Now that shop class is as common in high schools as poodle skirts, lots of woodworkers worry about passing on our enthusiasm for the craft to the next generation. In my house, I’ve started treating my kids more like apprentices, and it seems to be working.
They help clean the shop. They assist me on projects at assembly time. They can work on their own projects on the side when I don’t need them. And – here’s the odd part – I pay them (a pittance) for their help and swear them to secrecy on the “arts and mysteries” of the craft.
This weekend has been a perfect example. I assembled a large run of shelving that I plan to install in the recipient’s home this week. There was a lot of tedious gluing, clamping and clean-up work involved, so I hired 7-year-old Katy to help.

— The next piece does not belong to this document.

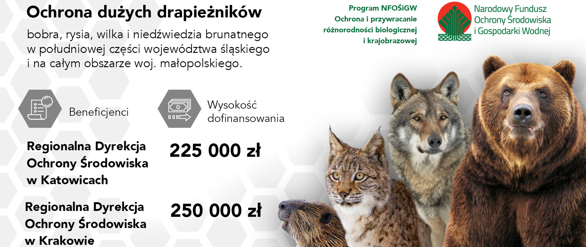 Przy wsparciu finansowym z NFOŚiGW zostaną zrealizowane inicjatywy pn. Ochrona dużych drapieżników: niedźwiedzia brunatnego, wilka i rysia w południowej części województwa śląskiego oraz Zarządzanie populacjami gatunków chronionych powodujących szkody - stosowanie materiałów zabezpieczających przed szkodami: zakup siatki i pastuchów elektrycznych. Przedsięwzięcia mają spowodować poprawę stanu ochrony populacji dużych drapieżników na południu Polski, poprzez ograniczenie występowania sytuacji konfliktowych między nimi a człowiekiem, przeciwdziałanie synantropizacji drapieżników, ale i przeciwdziałanie ewentualnym szkodom wyrządzonym przez zwierzęta.

First, I showed her the “secret” to making the lacquer finish perfectly smooth to the touch – a folded up brown paper bag. We rubbed all the surfaces vigorously, which knocked down any surface imperfections without cutting through the film finish. Katy did the shelves; I did the uprights.
“Cool,” she said. “It works!”
As we were bagging the lacquer, both of us noticed that there were some small dings and scratches in the color. This is was the result of the parts getting moved around more than I like. So I swore Katy to secrecy again and introduced her to the mystery of stain pens. In this case, the best match wasn’t one of my stain pens (which I keep hidden away), it was a black Sharpie marker.
In fact, Katy became incredulous when I took her picture at work with the marker.
“What if someone sees the picture and figures out our secret?” she asked. “Then they’ll know!”
Then we glued up the shelves. I applied the glue. Katy added the Dominos. We both applied the clamps and cleaned the glue squeeze-out. Assembly can be stressful for me, but Katy’s amazement at how the project came together kept my anxiety in check.
We did four major glue-ups this weekend, and by the fourth one, Katy dove into the work like she had been doing it all her life. I wonder if learning woodworking is like learning a foreign language – it might be easier when you are young.
As I added the kicks to the cabinet, Katy worked at the bench at her own project – she’s transforming my discarded shop jigs for this shelving project into a wooden alligator.
Then I paid her (about $1 an hour for the shop time) and I asked her if she’d come along on the installation next week. With hesitation, she said: “Yes! Hurray!”
Next step: Getting the apprentices to fetch the small beer for the master.